◆ Collected material ◆
--- --- ---
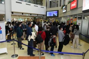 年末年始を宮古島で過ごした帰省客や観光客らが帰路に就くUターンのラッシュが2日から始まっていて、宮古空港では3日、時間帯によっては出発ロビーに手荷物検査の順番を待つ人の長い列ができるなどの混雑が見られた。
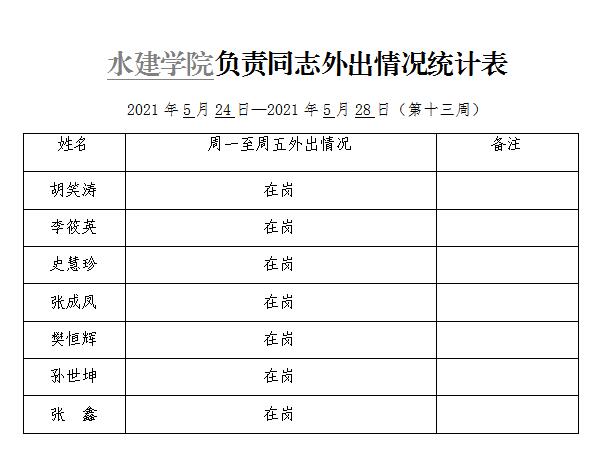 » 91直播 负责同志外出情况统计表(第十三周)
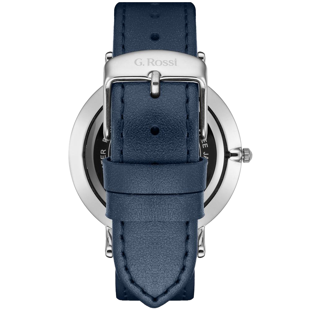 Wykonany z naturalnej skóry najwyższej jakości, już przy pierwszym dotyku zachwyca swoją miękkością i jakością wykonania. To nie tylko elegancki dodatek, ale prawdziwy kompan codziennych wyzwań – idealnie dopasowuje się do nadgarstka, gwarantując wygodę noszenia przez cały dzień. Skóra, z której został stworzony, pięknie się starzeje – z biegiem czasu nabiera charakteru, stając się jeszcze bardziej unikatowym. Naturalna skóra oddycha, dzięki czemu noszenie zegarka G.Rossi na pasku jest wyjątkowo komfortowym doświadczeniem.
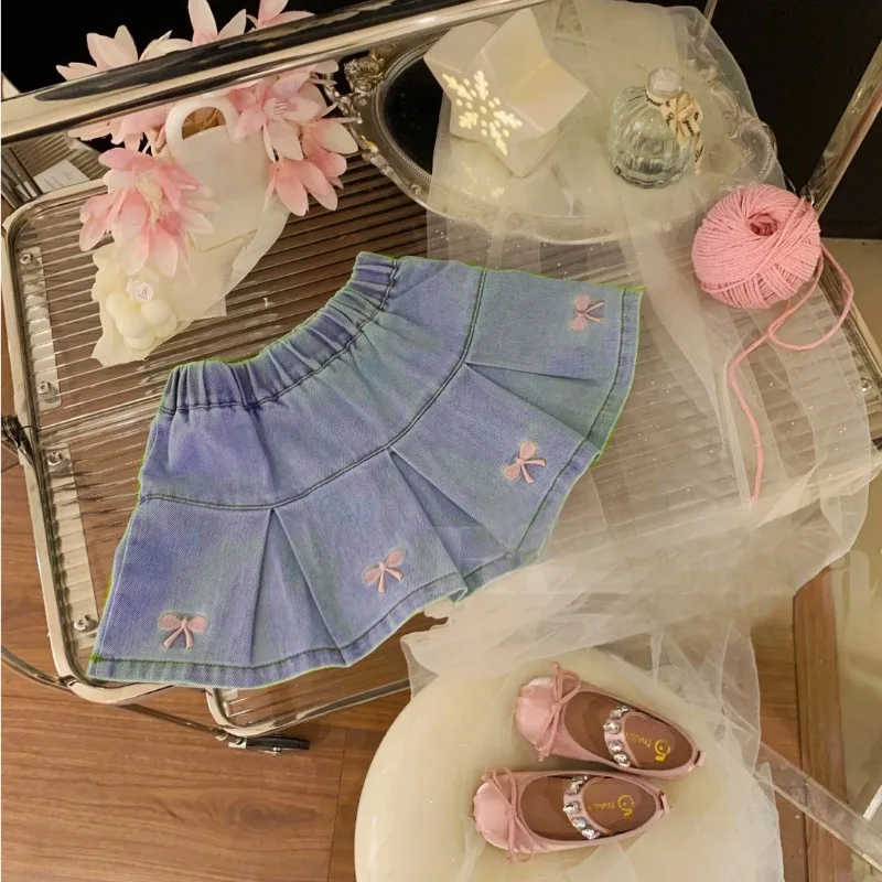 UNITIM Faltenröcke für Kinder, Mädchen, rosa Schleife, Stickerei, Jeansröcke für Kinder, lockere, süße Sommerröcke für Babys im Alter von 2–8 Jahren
--- --- ---
◆ Exercise aim ◆
Where the line with "Wykonany z naturalnej" appears, begin there and transcribe exactly through the last line of the data, leaving all pictures aside.

◆ Response ◆
 Wykonany z naturalnej skóry najwyższej jakości, już przy pierwszym dotyku zachwyca swoją miękkością i jakością wykonania. To nie tylko elegancki dodatek, ale prawdziwy kompan codziennych wyzwań – idealnie dopasowuje się do nadgarstka, gwarantując wygodę noszenia przez cały dzień. Skóra, z której został stworzony, pięknie się starzeje – z biegiem czasu nabiera charakteru, stając się jeszcze bardziej unikatowym. Naturalna skóra oddycha, dzięki czemu noszenie zegarka G.Rossi na pasku jest wyjątkowo komfortowym doświadczeniem.
 UNITIM Faltenröcke für Kinder, Mädchen, rosa Schleife, Stickerei, Jeansröcke für Kinder, lockere, süße Sommerröcke für Babys im Alter von 2–8 Jahren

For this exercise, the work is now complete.